En medio de la indigencia, la droga aparece casi como la desembocadura lógica: se aspira para no tener hambre desde muy pequeños. Se acude a ella para no ver, para no sentir, para escapar de una realidad que no se quiere. Y se llega a matar para conseguirla.
Los docentes saben, sabemos de qué violencia estoy hablando cuando sospechamos un retraso mental por desnutrición, cuando se necesita atención neurológica, o sicológica y los turnos a los que pueden acceder los chicos pobres demoran meses; o hay que hacer colas interminables de noches enteras para obtenerlos. En fin, sabemos.

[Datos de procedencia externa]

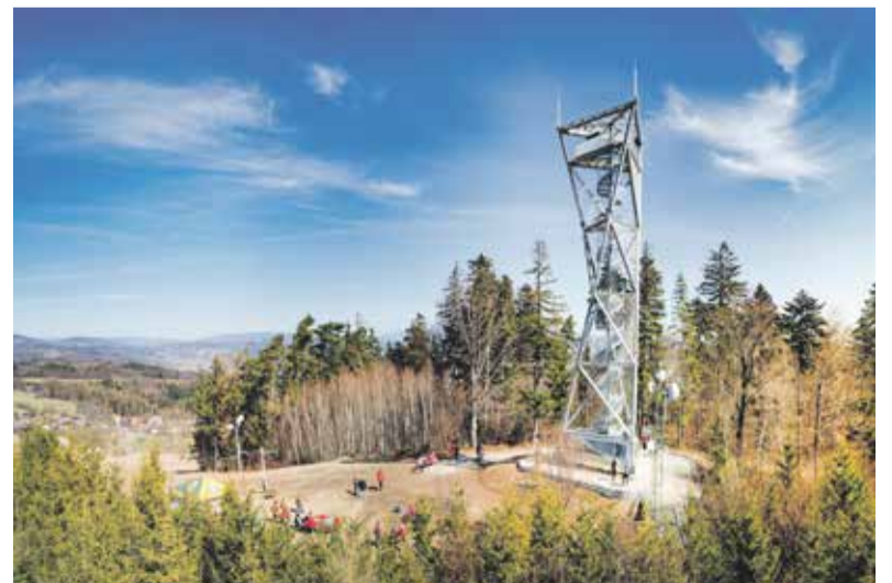
Stavba je z každé strany jiná a stojí ve výšce 603 metrů nad mořem. Dohlédnout lze na Hrubý i Nízký Jeseník, Praděd, Orlické hory, Dražanskou a Zábřežskou vrchovinu i údolí řeky Moravy.

Ocelová stavba je součástí naučné stezky Svěbohov Nebe, peklo, země, ráj a žluté
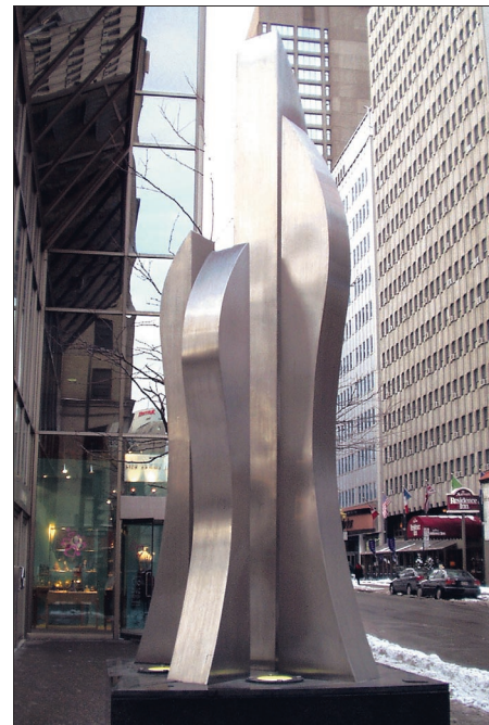
Enterspace , sculpture du même artiste située à proximité de la station Peel.

« Comme toujours, mon père a réalisé l'œuvre lui-même dans son atelier situé sur la terre paternelle à Valleyfield. Il a d'abord découpé les pointes en acier inoxydable de la sculpture, comme on le fait avec un patron de robe... mais en beaucoup plus grand et au millimètre près! Ensuite, il a soudé toutes les pièces ensemble. » Réalisée en 1981, l'œuvre de Maurice
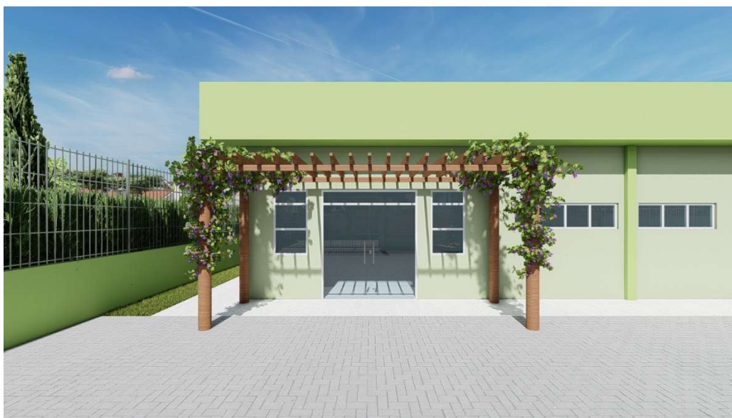
Modelo e Perspectiva de Pergolado em Madeira

Os parafusos que fixam a peça em aço carbono dos pilares serão em aço inoxidável; os demais parafusos, porcas e arruelas deverão ser em aço galvanizados.
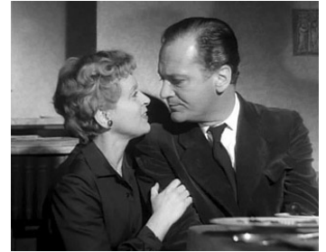
1954 UNE FEMME DE TÊTE (Eine Frau von Heute) de Paul Verhoeven avec Luise Ullrich
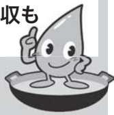
大仙市廃油回収キャラクター ハイユリン

環境保全と再資源化推進のため、最寄りの廃食用油回収拠点を利用ください。 ※大曲の廃食用油回収拠点に「はびねす大仙」(大曲地域幸町)が追加されましたので、活用ください。
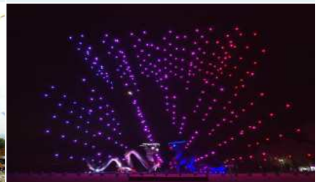
⑨ 지평선 판타지쇼&드론쇼
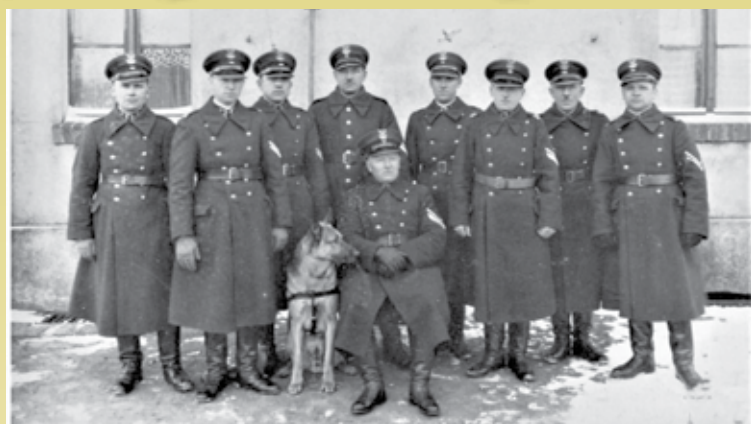
Obsada Placówki Straży Granicznej i linii w Siemianicach. Ok. 1935 rok
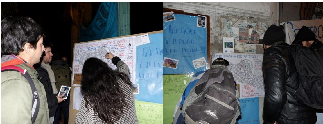
Imagen 4. Mapeo colectivo en Agitazo, 11 de junio de 2016

Cada circuito fue realizado de forma colectiva a partir de diversas actividades, talleres de discusión y mapeos colectivos en los que participaron activamente vecinx, miembros de organizaciones e instituciones del barrio.
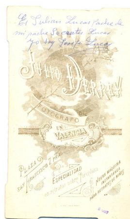
Información manuscrita con identificaciones
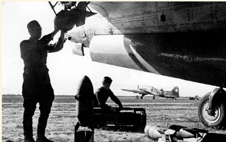
Подвеска бомб на ДБ-3

К сожалению, отсутствие надежного взаимодействия между авиацией и сухопутными войсками привело к тому, что авиационные командиры не имели достоверной, свежей информации о конфигурации фронта и о наиболее опасных прорывах немцев. Удары наносились, в общем, по случайным и второстепенным целям; собственные потери же оказались весьма чувствительными. Так, только за 25 и 26 июня от воздействия истребителей противника было потеряно около сотни советских машин, а к 30 июня в боевом составе ВВС фронта осталось всего 665 исправных и 87 неисправных самолетов при 611 экипажах (без уче-
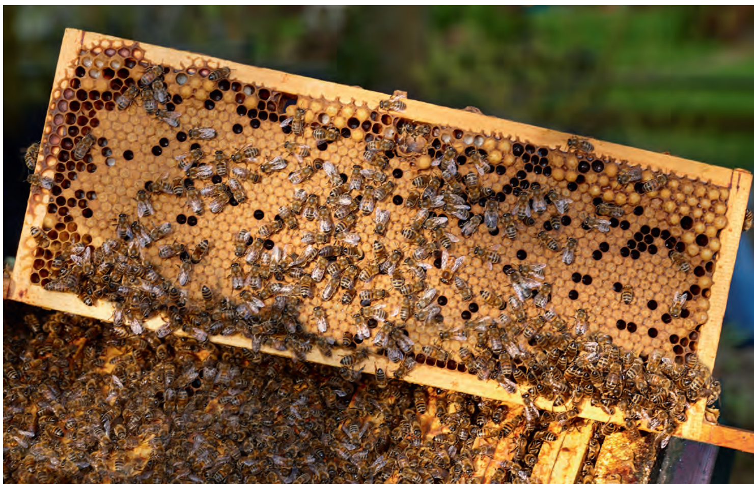
Honingkamerraam vol met broed.
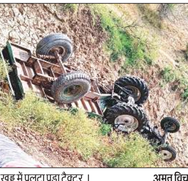
खड्ड में पलटा पड़ा ट्रैक्टर।
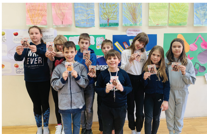
Uhani za mamice
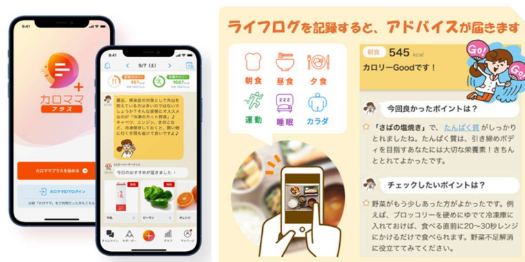
図 3 AI 健康アプリ「カロママ プラス」

ができる AI 健康アプリです。ライフログを記録することで、パーソナル AI コーチ「カロママ」から、専門家監修のアドバイスがリアルタイムで届きます。
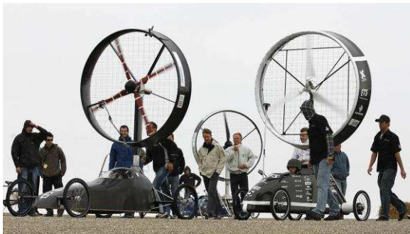
Racing Aeolus, Zeedijk Den Helder, 2012

De gemeente heeft jaarlijks een evenementenbudget beschikbaar. Ieder jaar wordt het budget verdeeld over een aantal evenementen en activiteiten. Het evenementenprogramma dat jaarlijks tot stand komt bestaat voor een groot gedeelte uit sportieve evenementen, in 2012 onder andere de Clipper Round the World Race en De Halve van Den Helder. De activiteiten (vooral lokaal en wijkgericht) die de gemeente steunt zijn de Botterrace, Racing Aeolus (zie onderstaande foto), Helder's Vliegerfestival, en het Panna Knockout toernooi. Voor 2012 én 2013 is het evenemententema 'Den Helder Kust de Zee', geïnitieerd door de citymarketingorganisatie 'Stichting Top Van Holland'. Dit thema appelleert aan de toeristische en recreatieve mogelijkheden die Den Helder biedt aan inwoner én toerist.
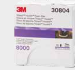
Абразивный полировальный круг 3М™ Trizact™ 8000
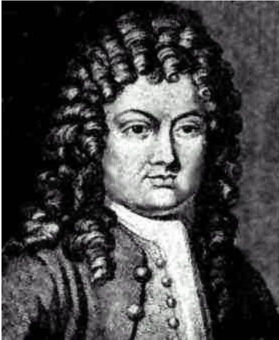
Afbeelding 2. Brook Taylor. De Engelse wiskundige Brook Taylor (1685-1731).

loslaten. Stel dat we bovendien de uitkomst van het probleem – de tijd die het proces duurt, de energie die erbij vrijkomt, of de temperatuur die ervoor nodig is – als functie van de parameter x , al exact kennen. Laten we die uitkomst schrijven als f(x) . Kunnen we dan ook een storingsreeks vinden, natuurlijk ook afhankelijk van x , die die uitkomst beschrijft?
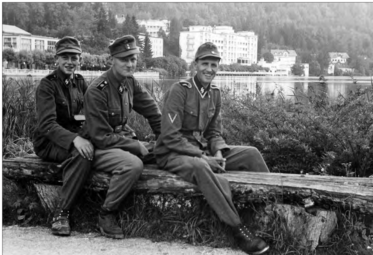
Trije esesovski vojni fotoreporterji na Bledu (hrani Muzej novejšje zgodovine Slovenije; inv. št. Š36/543).

ki, uporabljali pa so še poštni avtomobil. 20 V blejskih Zagoricah so konec oktobra 1944 opazili 12 poštних stražarjev, ki so bili nedvomno tja poslani za okrepitev blejske izpostave. 21
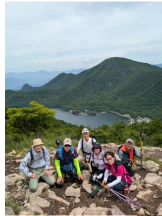
背景：大沼、赤城神社、 赤城最高峰の黒檜山
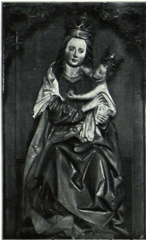
Fig. 259 Mittelfigur vom Altar der Margaretenkapelle (S. 174)

Stäben besetzen Kapitälern der Dienste aufstehen. Im westlichen Joch jederseits ein kurzes, ferner im S. zwei, im N. ein und in den drei Chorschrägen je ein hohes, zweiteiliges Spitzbogenfenster in abgeschrägter Laibung mit verschiedenem Maßwerk. Im W. moderne Empore aus gotischem Marmor in gotisierenden Formen.
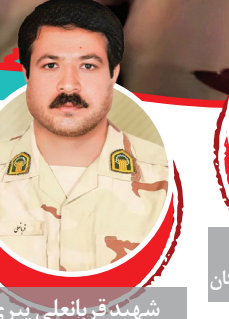
شهید قربانعلی پیری محل شهادت: هنگ مرزی زابل
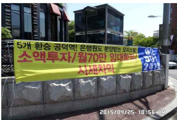
도시계획과 - 강남대로 논현역 현수막 정비
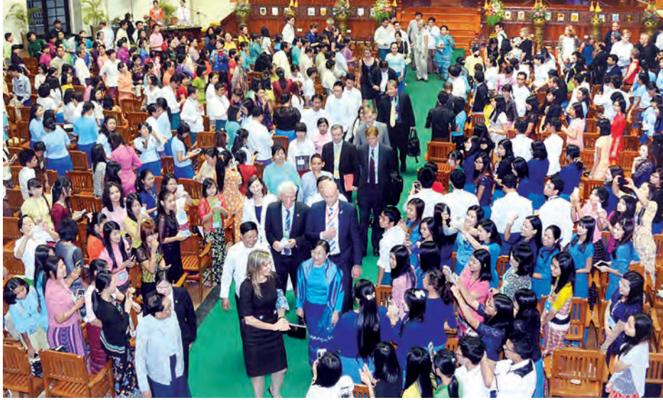
နယ်သာလန်နိုင်ငံ ဘုရင့်မိဖုရား မက်ဆီမာ ရန်ကုန်တက္ကသိုလ် ဘွဲ့နှင်းသဘင်ခန်းမ၌ ကျောင်းသား ကျောင်းသူ များအား ရင်းရင်းနှီးနှီးနှုတ်ဆက်စဉ်။ (သတင်းစဉ်)

Y también sabemos que en los barrios la gente sabe y denuncia dónde se vende la droga, pero se sigue vendiendo; que cuando llamamos a la policía para que acuda porque en la plaza frente a nuestro colegio hay gente sospechosa que “distrae” a los chicos se nos contesta “tenemos un solo móvil para atender muchas escuelas”.
Como sociedad toda, responsable en mayor o en menor medida de lo que nos ocurre debiéramos preguntarnos:
¿Cuántas marchas hemos hecho para ir contra un modelo económico que despojó a muchos argentinos de lo básico?
¿Cuántas marchas hemos hecho para pedir atención a los chicos que dentro de 10 años no valorarán la vida?
¿Cuántas marchas hemos hecho para pedir que ningún chico tenga hambre en un país que rebosa alimentos? ¿Cuántas marchas hemos hecho para pedir que los menores sean considerados el tesoro mayor de nuestra sociedad, y por lo tanto, los chicos pobres sean atendidos en su salud física y mental como los chicos ricos? ¿Cuántas marchas hemos hecho para que la escuela, a veces el último refugio que queda, antes de la calle, no esté sola?
Si de marchar se trata, pensemos que tendremos que hacerlo, no solamente sobre lo inevitable, sino sobre el futuro.
O continuaremos llorando, sin comprender, cómo la vida no vale nada para aquellos que entendieron que su vida nunca valió nada en nuestra sociedad.
Virginia Biella DNI 5.915.081.
Docente de Enseñanza Media. Mendoza. Argentina.